Consider the matrix $$A = u v^{\ast }$$ where $$u, v \in \textbf{C}^{n}$$. Under what condition on u and v is A a projector?

A is a projector if $$A^{2}=A$$, so we have $$u v^{*} u v^{*}= u v^{\ast }$$.

Does this imply $$u v^{\ast } = I$$ ? And what exactly are the conditions on u and v that they are asking?

do we have that $$u_{i} v^{\ast }_{i}=1$$ and $$u_{i} v^{\ast }_{j}=0$$ for $$i\neq j$$ ?

2. May 4, 2010

### Staff: Mentor

Can you clarify what uv* means and how this could be a matrix?

3. May 4, 2010

### jbunniii

Note that $v^{*}u$ is a scalar, so you rearrange the terms of the product:

$$u v^* u v^* = u (v^* u) v^* = (v^* u) (u v^*)$$

4. May 4, 2010

### math8

To Mark44, u is an nx1 column vector, v* is the conjugate transpose of v, where v is an nx1 column vector.
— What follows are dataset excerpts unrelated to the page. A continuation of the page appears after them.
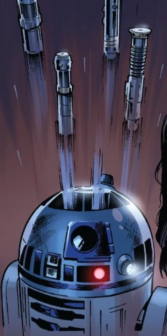 R2-D2, pronounced Artoo-Deetoo and often referred to as R2 (Artoo), was an R2-series astromech droid manufactured by Industrial Automaton with masculine programming. A smart, spunky droid who served a multitude of leaders, R2-D2 was never given a full memory wipe nor did he ever receive new programming, with these factors resulting in an adventurous and independent attitude. Often finding himself in pivotal moments in galactic history, his bravery and ingenuity saved the galaxy on numerous occasions.
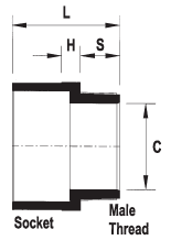 The valve socket is solvent cement jointed to a pipe spigot. The male-threaded end of the valve socket provides a connection for a PVC, brass or galvanised wrought iron threaded valve-type fitting.
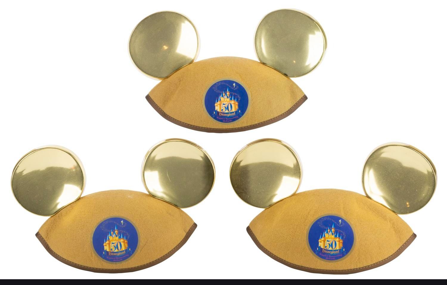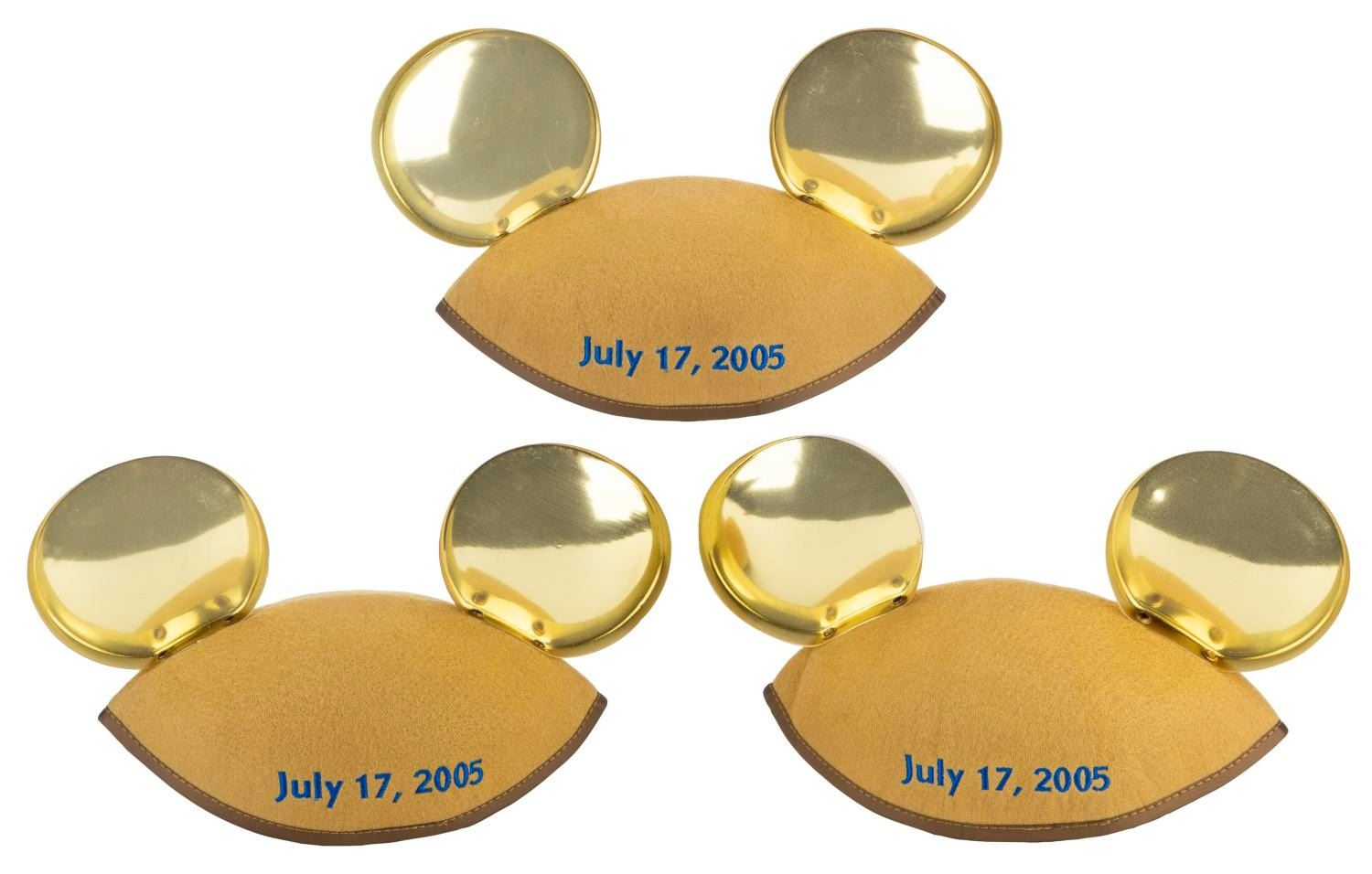 (Disneyland, 2005) Three sets of golden Mickey Mouse ear hats labeled for the “Happiest Homecoming on Earth” and embroidered the date of Disneyland’s 50th Anniversary, July 17th, 2005, on the back. Each labeled a size “Adult,” the ear hats are in very good condition with light handling wear.
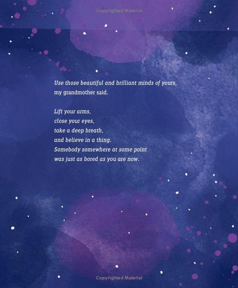 On a dreary, stuck-inside kind of day, a brother and sister heed their grandmother’s advice: “Use those beautiful and brilliant minds of yours. Lift your arms, close your eyes, take a deep breath, and believe in a thing. Somebody somewhere at some point was just as bored you are now.” And before they know it, their imaginations lift them up and out of their boredom. Then, on a day full of quarrels, it’s time for a trip outside their minds again, and they are able to leave their anger behind. This precious skill, their grandmother tells them, harkens back to the days long before they were born, when their ancestors showed the world the strength and resilience of their beautiful and brilliant minds. Jacqueline Woodson’s lyrical text and Rafael Lopez’s dazzling art celebrate the extraordinary ability to lift ourselves up and imagine a better world.
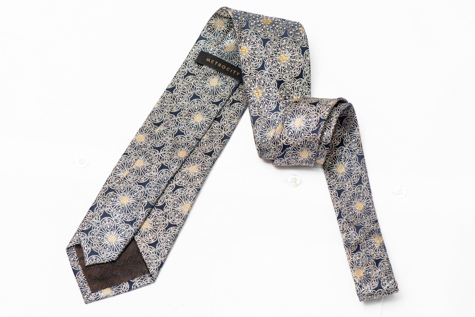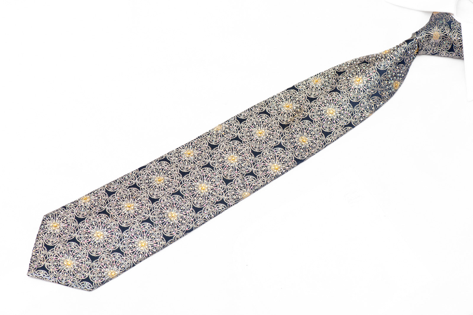 Silver Medallions On Navy Blue Rhinestone Tie With Silver
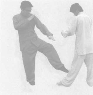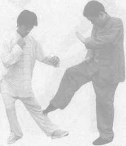 连环脚踢法,指单纯用脚,放长踢远,力大劲沉,顺势连 击,急打猛攻,犀利难挡。1.迎腿连镖实战应用:(1)左势对 敌。(2)我见机速 进,先用“小腿暗镖 正踢势”,左脚急 踢敌小腿迎面骨。(图 2 - 134)图 2 - 135(3)跟踪追击, 再用“小腿暗镖正 踢势;右脚连踢 敌腿面骨。(图 2 - 135)图 2 - 135图 2-136图 2 - 137图 2-136图 2 - 137
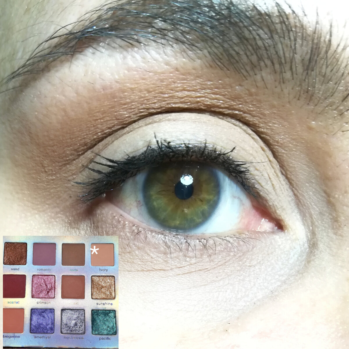 Сегодня у нас на повестке дня матовый макияж. Сложность данной техники в том, что матовые оттенки требует очень тщательной тушёвки. Вообще идеальная тушевка - это не когда у вас один цвет и вы его кистью размазываете и он из красного превращается в розовой. Некоторые тени так себя ведут, но это не входит в задачу теней. Из-за чего в палетках часто много похожих оттенков? Для того чтобы делать переход например из красного в розовый плавным, чтобы была тушевка. Мы наносим сначала красный встык наносим розовый и границу между ними аккуратно растушевываем, потом берём тон ещё светлее и ещё светлей. И так достигается градиент - разными оттенками, которые располагаются рядом с друг с другом, аккуратно между собой перемешиваются и соответственно уходит в кожу. Вернёмся к нашему макияжу. Оттенков мы будем использовать крайне немного, но придется хорошо помахать кистью. Берём какой-нибудь очень светлый оттенок теней либо пудру и наносим на всё веко, чтобы тени скользили по этому оттенку. Теперь
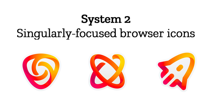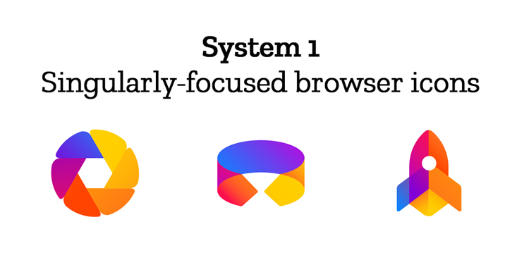 設計系統還包括各種顏色的通用瀏覽器圖標,可以跨桌面使用;特別的瀏覽器圖標,代表Firefox目前正在開發的新瀏覽器,包括其虛擬現實瀏覽器Firefox reality和專注于隱私的移動瀏覽器Firefox Focus;以及Firefox正在開發的新應用程序和服務的圖標。這些都是“;metaphorical”包括火箭、狐貍、鑰匙鎖和郵件符號,以及更抽象的符號。
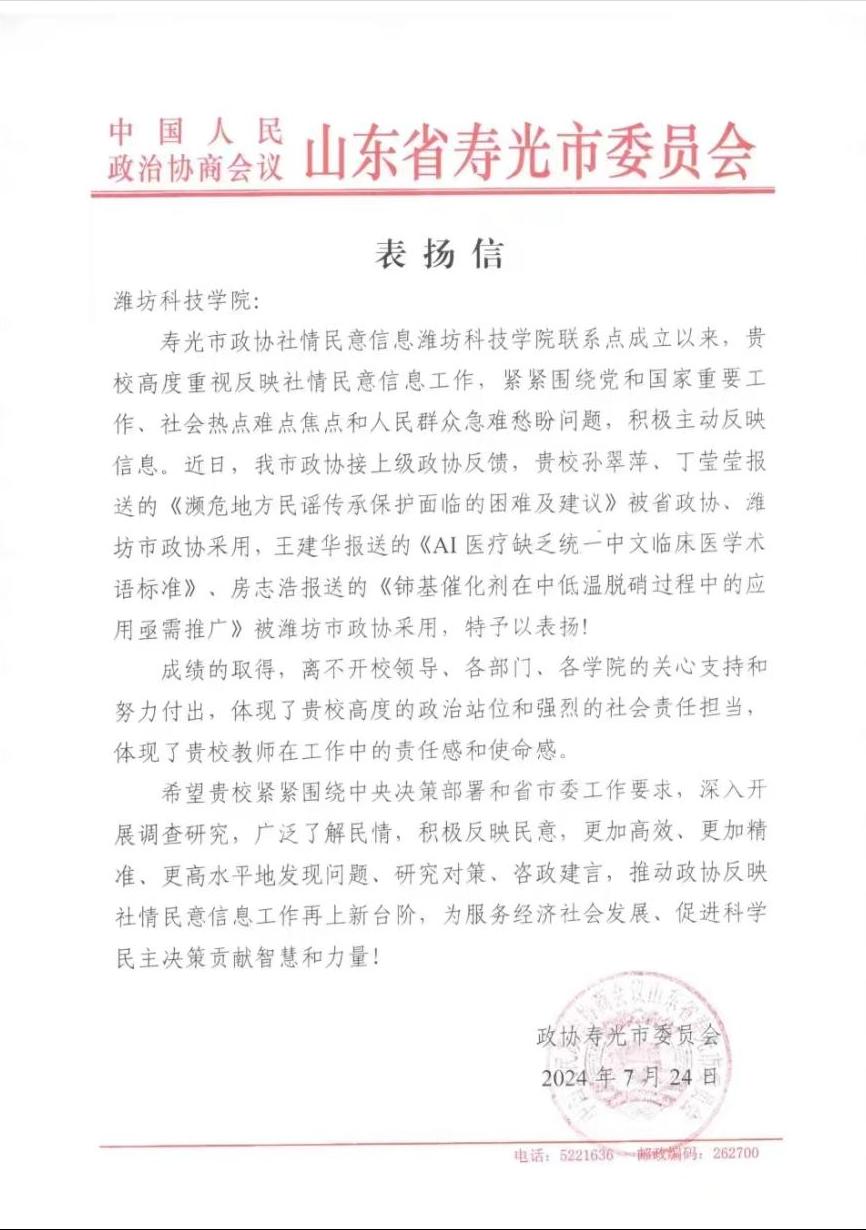 近日,公司孙翠萍、丁莹莹报送的《濒危地方民谣传承保护面临的困难及建议》被省政协、潍坊市政协采用,收到寿光市政协发来的表扬信,信中对公司教师反映社情民意信息工作给予充分肯定和表扬。
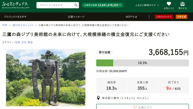 相信有不少吉卜力粉丝去日本旅游会朝圣的三鹰之森吉卜力美术馆(三鹰の森ジブリ美术馆),近年来受到疫情影响,官方只能透过募资来纾缓财务困难。虽然在去年 ( 2021 年 ) 很快就达成超过目标的 5000 万日元,不过在今年再次以故乡税的形式募资,却从 10 月至今仅获得 300 多万的捐款,让美术馆的营运让人看到危机。
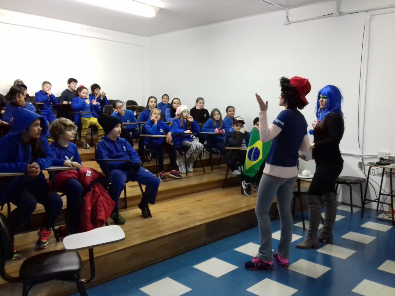 Com base na literatura infantil Pedro e Tina, as professoras Eduarda Virginia Burckardt e Vivian C. Belter Lunardi, trouxeram para o debate nas turmas B41 e B51 algumas provocações sobre a Copa do Mundo na Rússia.
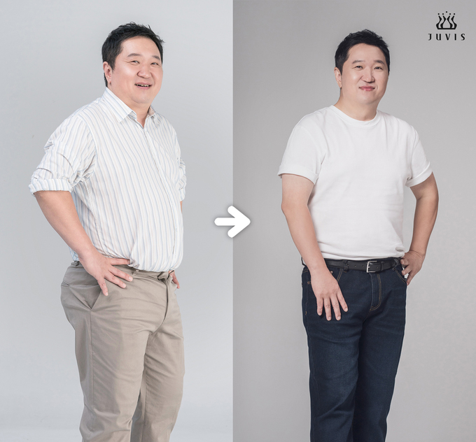 정형돈은 "쥬비스를 시작한 지는 7주가 됐지만 그 사이 2주 동안은 아내와 아이들을 보기 위해 하와이를 다녀왔다. 실제로 관리를 한 건 5주 정도 되는 것 같다"며 "이전에도 다이어트를 개인적으로 많이 해 봤지만 이렇게 누워만 있어도 살이 빠지는 다이어트를 해 본 건 처음이다. 힘들지 않으니까 다이어트를 하는데 스트레스가 없는 게 제일 좋다"라며 관리에 대한 만족감을 전했다.
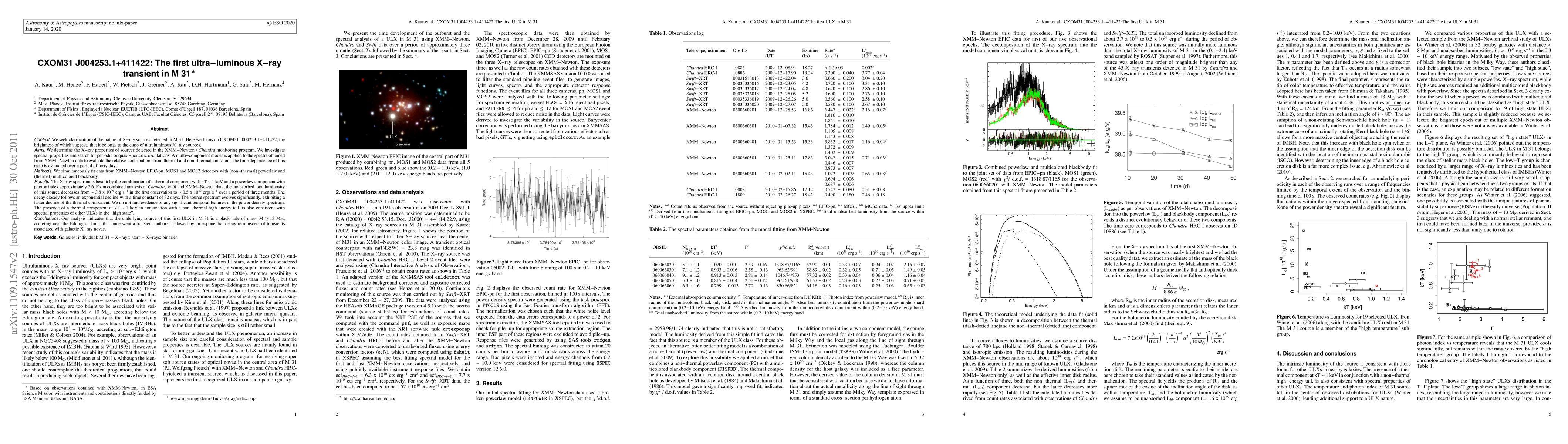 We seek clarification of the nature of X-ray sources detected in M 31. Here we focus on CXOM31 J004253.1+411422, the brightness of which suggests that it belongs to the class of ultraluminous X-ray sources. We determine the X-ray properties of sources detected in the XMM-Newton Chandra monitoring program. We investigate spectral properties and search for periodic or quasi-periodic oscillations. A multi-component model is applied to the spectra obtained from XMM-Newton data to evaluate the relative contributions from thermal and non-thermal emission. The time dependence of this ratio is evaluated over a period of forty days. We simultaneously fit data from XMM-Newton EPIC-pn, MOS1 and MOS2 detectors with (non-thermal) powerlaw and (thermal) multicolored blackbody. The X-ray spectrum is best fit by the combination of a thermal component with kT ~ 1 keV and a powerlaw component with photon index approximately 2.6. From combined analysis of Chandra, Swift and XMM-Newton data, the unabsorbed total luminosity of this source decreases from ~ 3.8 x 10^{39} erg s^{-1} in the first observation to ~ 0.5 x 10^{39} ergs s^{-1} over a period of three months. The decay closely follows an exponential decline with a time constant of 32 days. The source spectrum evolves significantly, exhibiting a faster decline of the thermal component. We do not find evidence of any significant temporal features in the power density spectrum. The presence of a thermal component at kT ~ 1 keV in conjunction with a non-thermal high energy tail, is also consistent with spectral properties of other ULXs in the "high state". Our analysis indicates that the underlying source of this first ULX in M~31 is a black hole of mass, M > 13 M_{sun}, accreting near the Eddington limit, that underwent a transient outburst followed by an exponential decay reminiscent of transients associated with galactic X-ray novae.
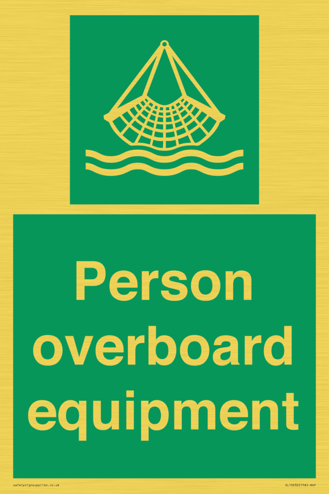 E928 Safe condition: Person overboard equipment symbol. To indicate the location of person overboard / man overboard equipment. Commonly known as a Jasons Cradle.
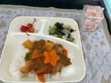 今日の献立は、ハヤシライス、ミックス海藻のサラダ、さくらんぼ、牛乳です。いただ...
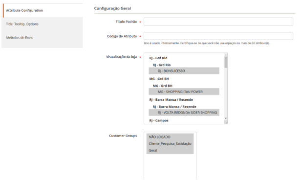 7 - Em Gerenciar Títulos, informe os títulos de atributos para cada loja cadastrada.

So uv* is an nxn square matrix.

5. May 4, 2010

### Staff: Mentor

OK, that makes more sense.

A2 = A <==> A(A - I) = 0. What are the conditions for the last equation? Clearly, one possibility is that A = I (which is to say that uv* = I). But there are other possibilities (plural).

6. May 4, 2010

### math8

The only other possibility that I see is that uv* is the 0 matrix. In this case, $$u_{i}v^{*}_{j} = 0$$ for all i and all j.

7. May 4, 2010

### Staff: Mentor

There's another possibility. AB = 0 does not necessarily imply that either A = 0 or B = 0. For example,
$$\left[\begin{array}{c c} 0 & 1 \\ 0 & 0 \end{array}\right]\left[\begin{array}{c c} 0 & 1 \\ 0 & 0 \end{array}\right] = \left[\begin{array}{c c} 0 & 0 \\ 0 & 0 \end{array}\right]$$

8. May 4, 2010

### math8

Oh true! But I am lost here, I am not sure what would be the conditions on u and v then.

9. May 4, 2010

### Staff: Mentor

If AB = 0 (meaning the 0 matrix), then |AB| = 0 (the number).